▶ **TASK BRIEF**: Only the lines from the one containing "さくら薬局を辞めたいと感じた" through the end of the entries are to be copied, exactly and without pictures, please.

<<<<

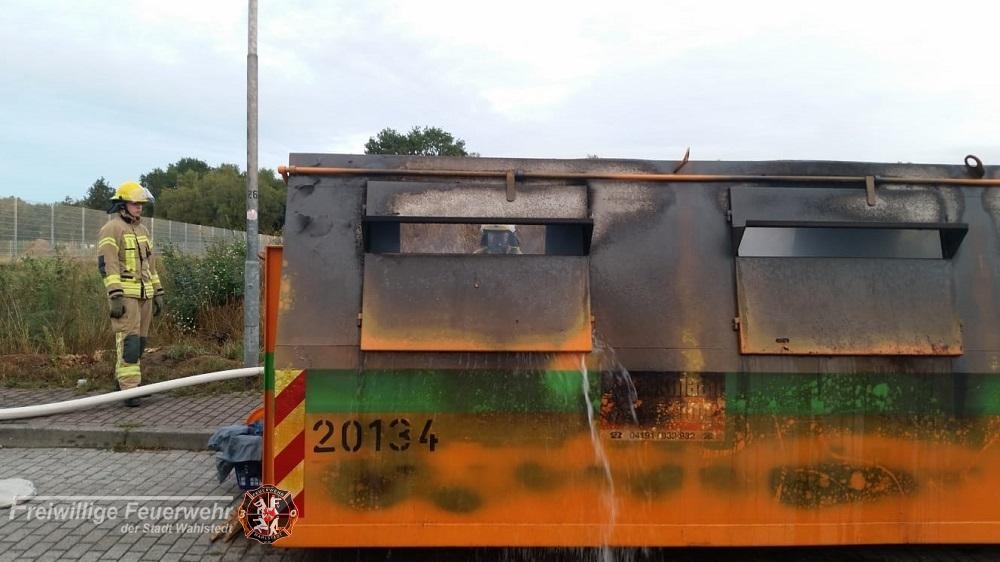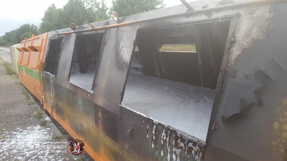 Ein brennender Altpapiercontainer wurde von einem Trupp unter Atemschutz abgelöscht.
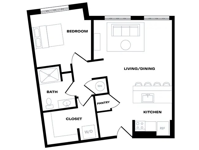 1 Dormitorio, 1 Baño, 742 pies²Disponible August 17, 2026Galería del Modelo
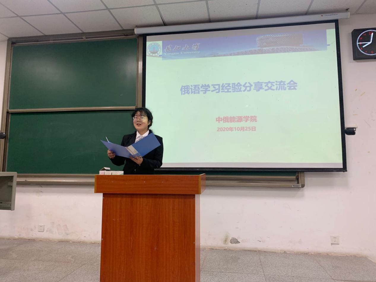 10月25日晚,我院在武教A106举行了“俄语学习经验分享交流会”。中俄能源学院科长喻选梅老师、文丽晨老师、俄语教师王翌婵博士、中俄试点班18级学生黄盟、金铭、刘玉龙、魏江飞及中俄试点班19级全体同学参加了此次交流会。会议由中俄能源学院文丽晨老师主持。
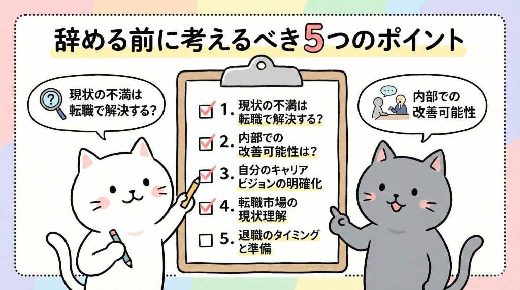 さくら薬局を辞めたいと感じたとき、すぐに行動するのではなく、まずは冷静に状況を分析することが重要です。以下の5つのポイントを確認し、本当に転職すべきかどうかを判断しましょう。
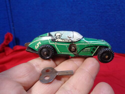 VINTAGE TIN LITHO WIND UP MINIATURE RACE CAR J-3
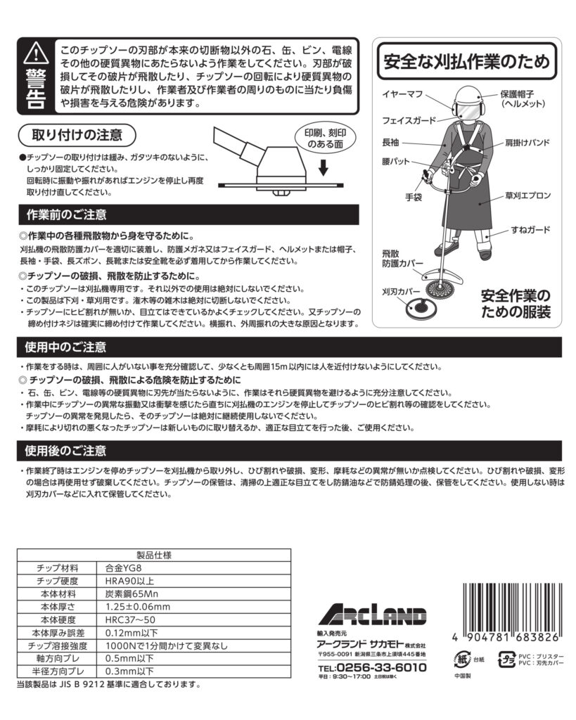 充電草刈機・刈払機を用いた草刈りの際にご利用いただく草刈チップソーです。
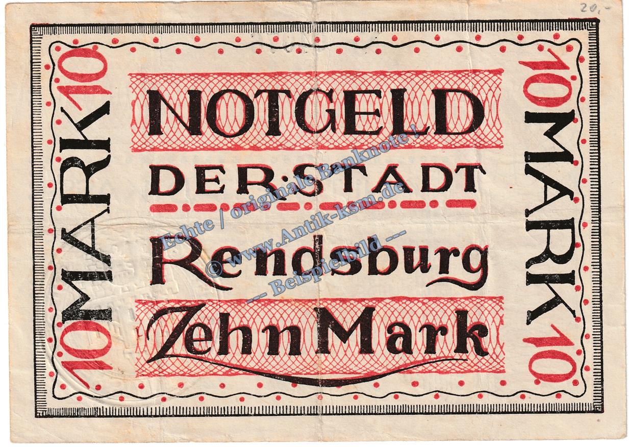 Gutschein / Banknote über Zehn Mark , Stadt Rendsburg , Großnotgeld
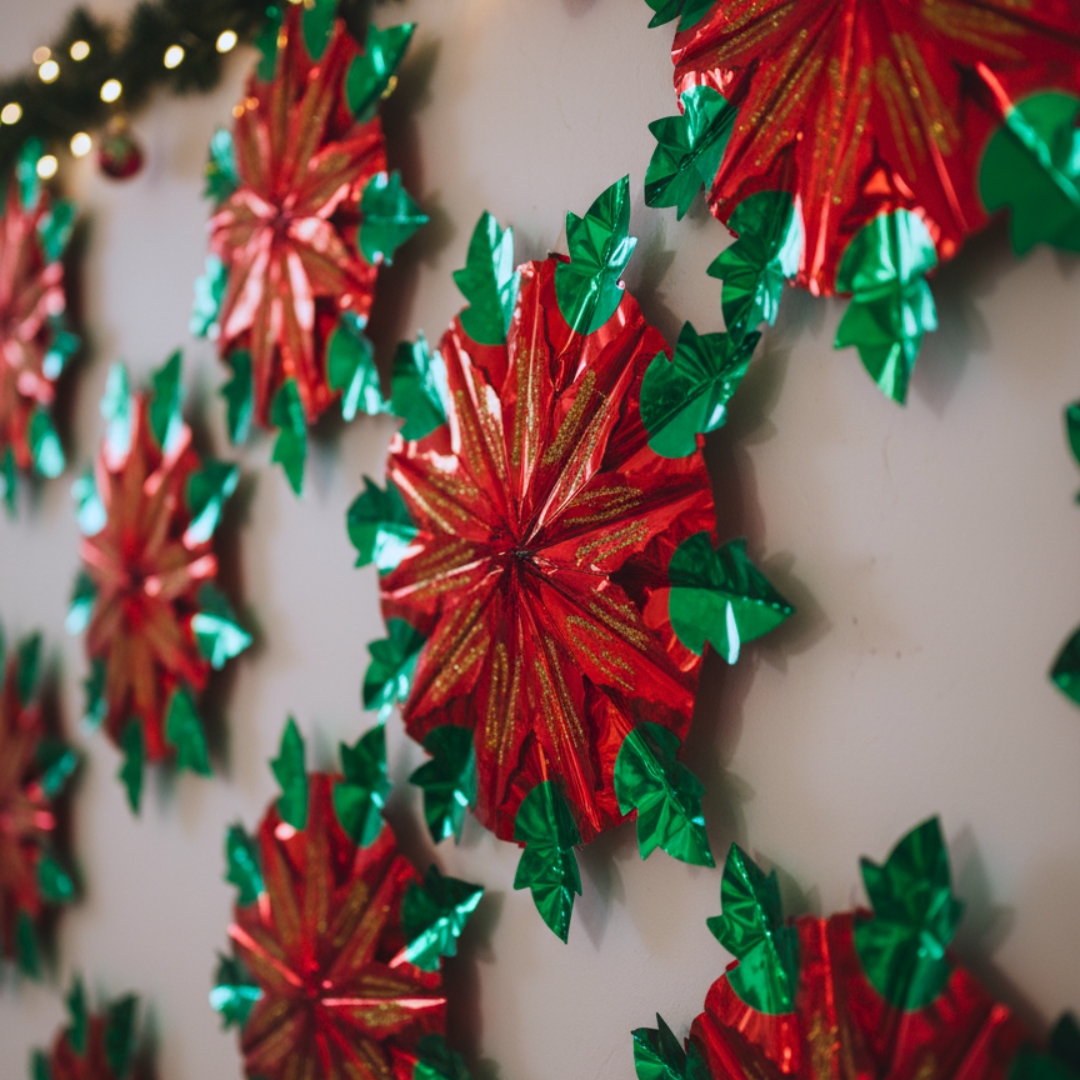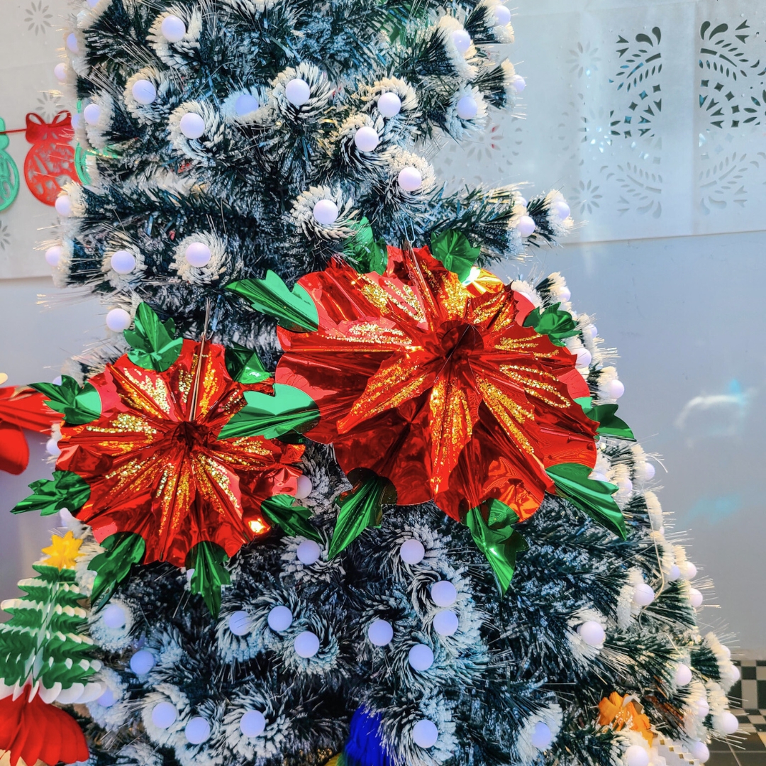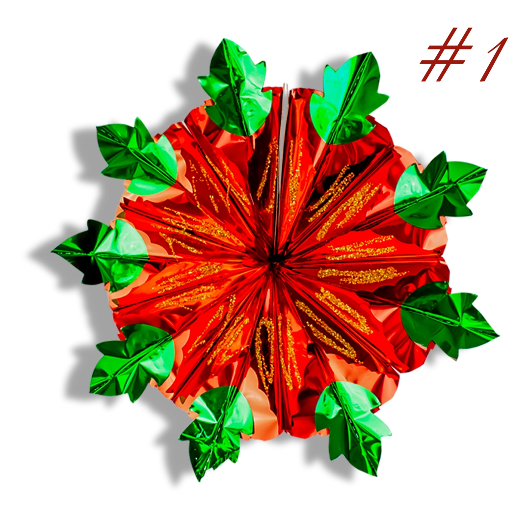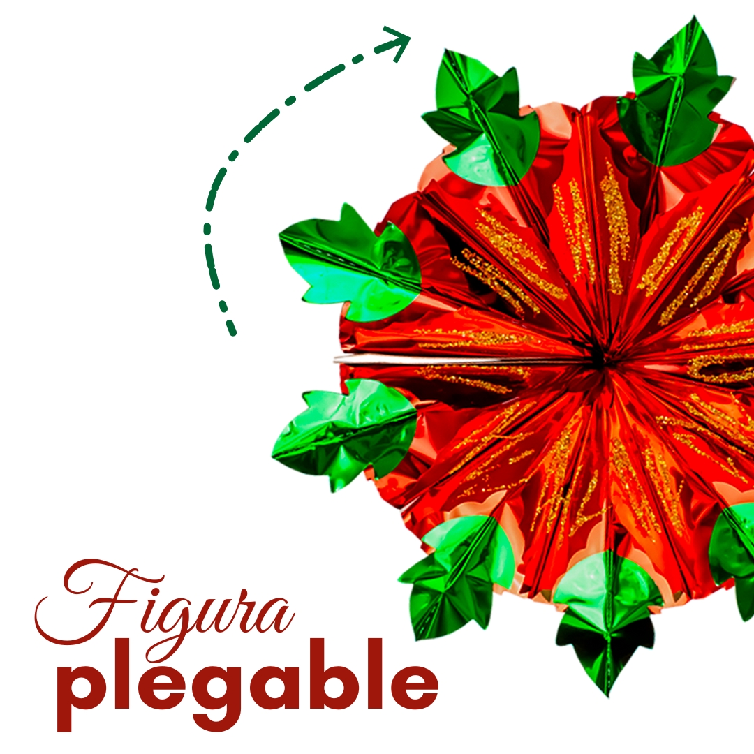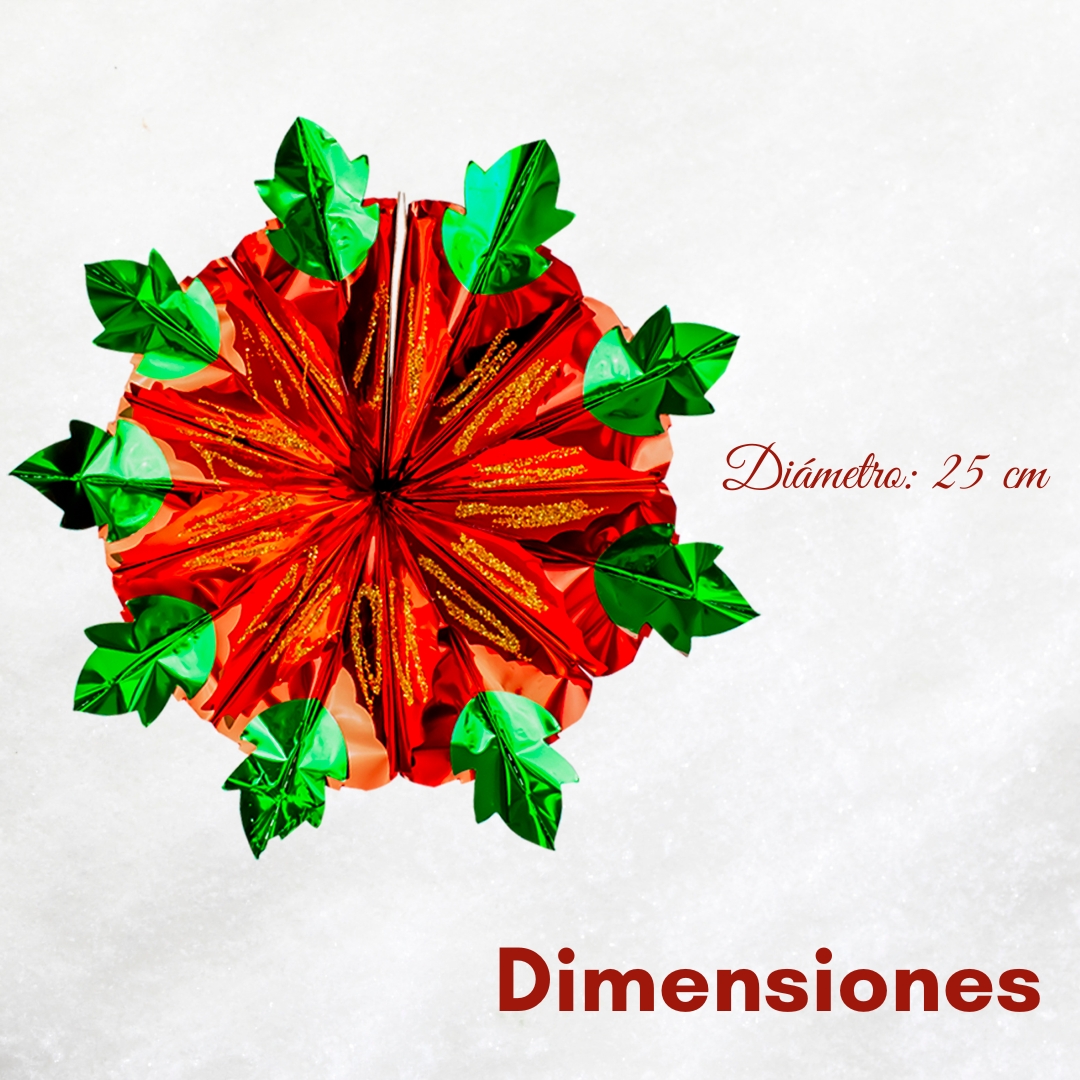 Pascua decorativa hecha de papel metálico rojo con detalles de hojas verdes y toques de diamantina dorada que realzan su brillo. Es ligera, fácil de colocar y perfecta como complemento navideño. Su tamaño pequeño permite decorar puertas, paredes, centros de mesa o armar combinaciones con otras piezas metálicas para un efecto aún más vistoso.
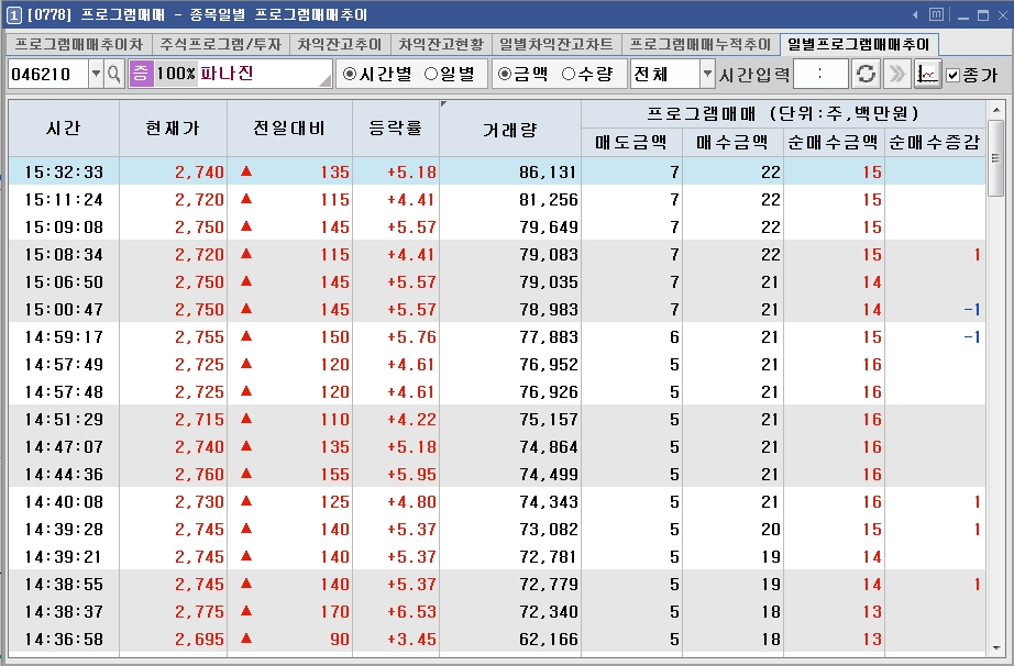 검색 조건에 종목일별 프로그램 순 매수 순 매도 현황을 추가 하고 싶은데요
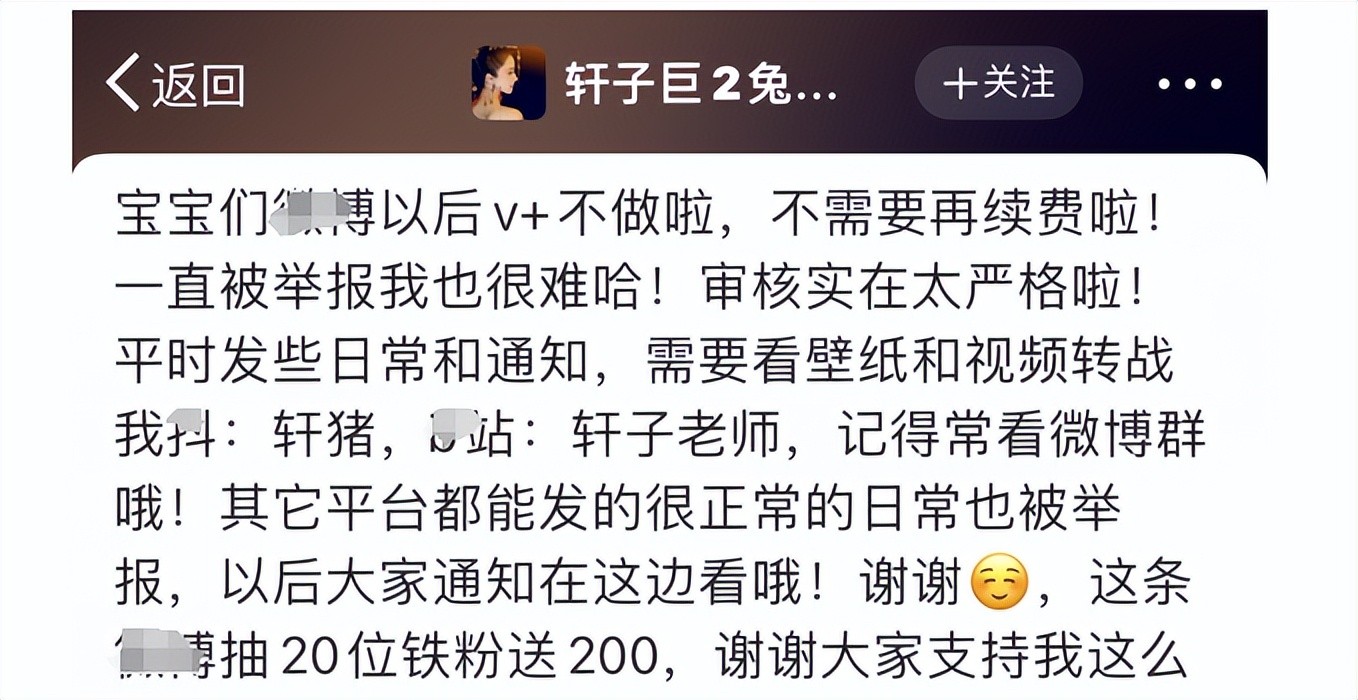 即便如此,轩子巨2兔始终没有忘记对粉丝的承诺。她一直通过短视频和社交平台与粉丝保持互动,并经常发布一些唯美照片,粉丝只要开通V+会员就可以观看特定内容。近日,她宣布将不再运营V+会员服务,并建议粉丝们无需再续费。因为她发现,审核变得异常严格,频繁遭到举报,使得这项服务难以维持。
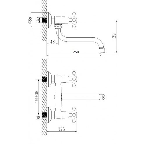 Смеситель для кухни настенный с изливом, хром, D-Lin D142808
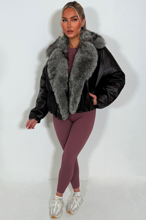 Bomber jacket with fur collar and trim. Featuring premium bomber jacket with lapel fur collar front fur trim really cosy and warm oversized fit. Style this contrast fur collar bomber...
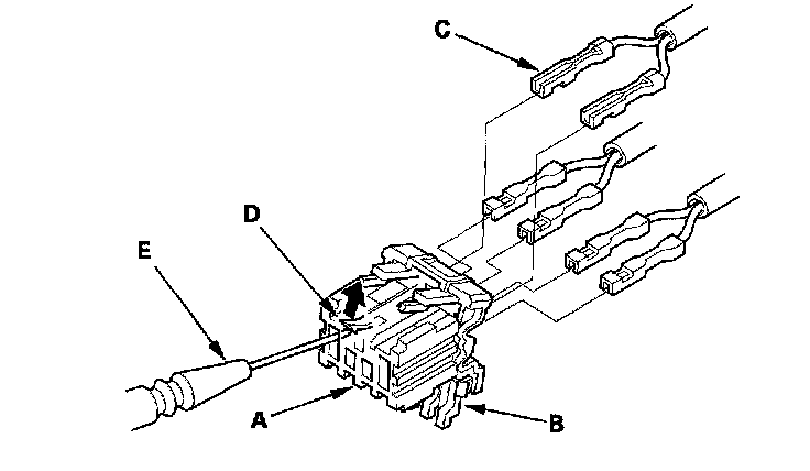 13. Remove the terminal (C) from the connector by pushing the lock tab (D) up in the connector using a thin blade screwdriver (E). Remove all six terminals.
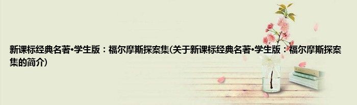 本文关于新课标经典名著·学生版:福尔摩斯探案集的简介就讲解完毕,希望对大家有所帮助。

>>>>

▶ **ANSWER TO THE PROBLEM**:
 さくら薬局を辞めたいと感じたとき、すぐに行動するのではなく、まずは冷静に状況を分析することが重要です。以下の5つのポイントを確認し、本当に転職すべきかどうかを判断しましょう。
 VINTAGE TIN LITHO WIND UP MINIATURE RACE CAR J-3
 充電草刈機・刈払機を用いた草刈りの際にご利用いただく草刈チップソーです。
 Gutschein / Banknote über Zehn Mark , Stadt Rendsburg , Großnotgeld
 Pascua decorativa hecha de papel metálico rojo con detalles de hojas verdes y toques de diamantina dorada que realzan su brillo. Es ligera, fácil de colocar y perfecta como complemento navideño. Su tamaño pequeño permite decorar puertas, paredes, centros de mesa o armar combinaciones con otras piezas metálicas para un efecto aún más vistoso.
 검색 조건에 종목일별 프로그램 순 매수 순 매도 현황을 추가 하고 싶은데요
 即便如此,轩子巨2兔始终没有忘记对粉丝的承诺。她一直通过短视频和社交平台与粉丝保持互动,并经常发布一些唯美照片,粉丝只要开通V+会员就可以观看特定内容。近日,她宣布将不再运营V+会员服务,并建议粉丝们无需再续费。因为她发现,审核变得异常严格,频繁遭到举报,使得这项服务难以维持。
 Смеситель для кухни настенный с изливом, хром, D-Lin D142808
 Bomber jacket with fur collar and trim. Featuring premium bomber jacket with lapel fur collar front fur trim really cosy and warm oversized fit. Style this contrast fur collar bomber...
 13. Remove the terminal (C) from the connector by pushing the lock tab (D) up in the connector using a thin blade screwdriver (E). Remove all six terminals.
 本文关于新课标经典名著·学生版:福尔摩斯探案集的简介就讲解完毕,希望对大家有所帮助。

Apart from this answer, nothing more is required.